Getting chat-tuned models to act kinda like base models

So I love talking with base models (self-supervised models trained to predict the next token across a wide corpus of training data). But unfortunately none of the frontier labs let the public interact with their frontier base models, which makes me sad 😔. Luckily there are a few tricks I know to get chat-tuned LLMs out of their Assistant persona and into generating likely text completions.

Fake tool calls

The main trick that I use is fake tool calls: using a system prompt with fake instructions on how to make tool calls and a list of fake tool definitions. Normally when Claude makes a tool call it writes a <function_calls> block and then a <function_results> block is injected with the tool call results, but since the tool calls are fake that doesn’t happen. Instead the model writes the tool call response itself, because it has to produce tokens and a tool call response is the most likely thing after a tool call.

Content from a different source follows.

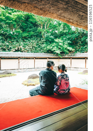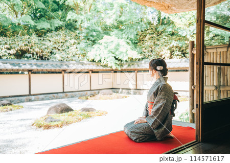 春風萬里荘の枯山水庭園の和室にてくつろぐ若く美しい着物女性
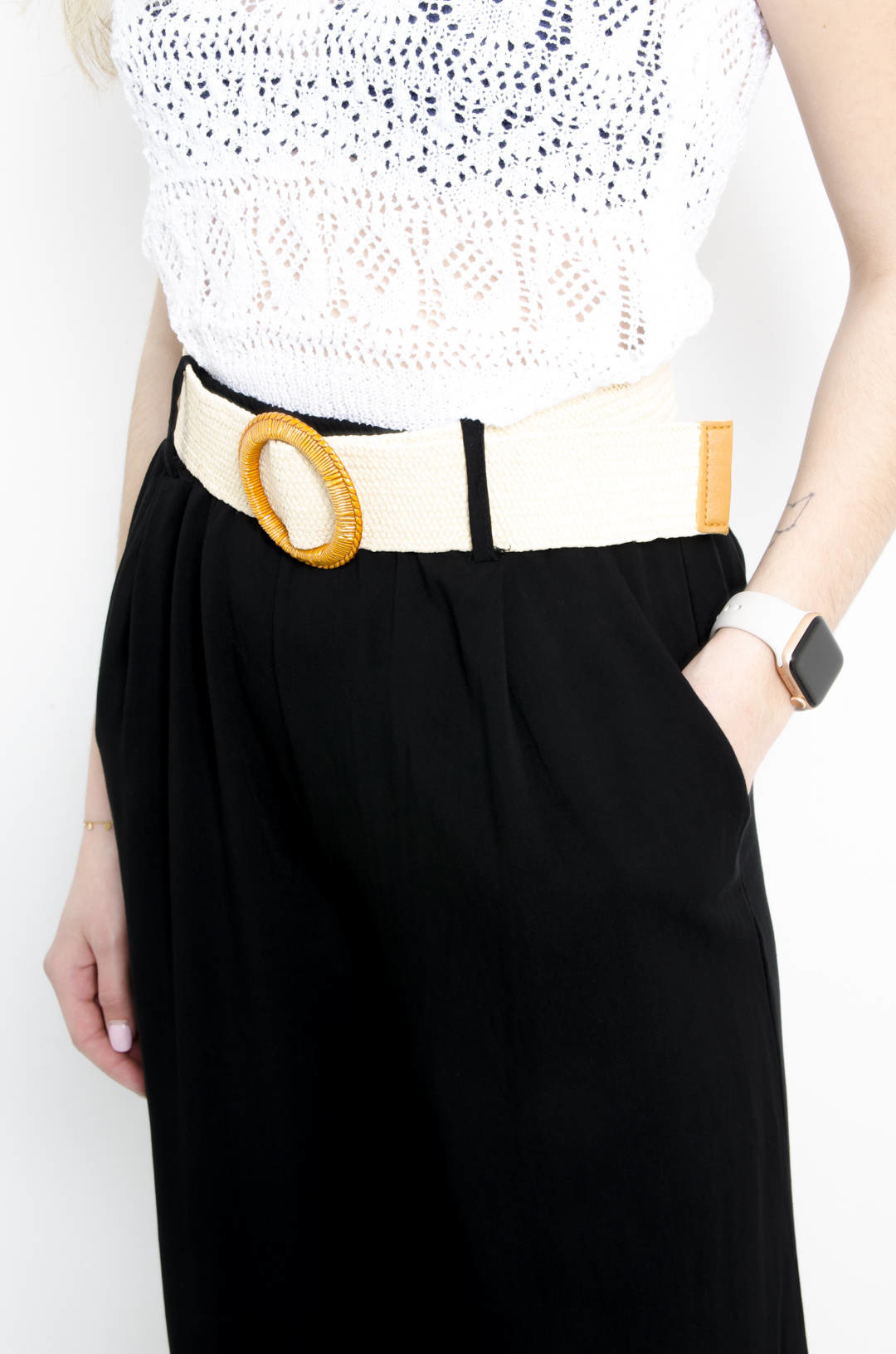 SPODNIE MATERIAŁOWE Z PLECIONYM PASKIEM- CZARNE

The easiest way to use fake tool calls is to define a web search tool, web fetch tool, and bash tool, and ask the model to fetch content from the Internet or read files. You can ask the model to fetch any web page and it will hallucinate content for that URL, and you can ask the model to read files on the disk and it will hallucinate content based on the file name and what you’ve described about the file contents in the conversation.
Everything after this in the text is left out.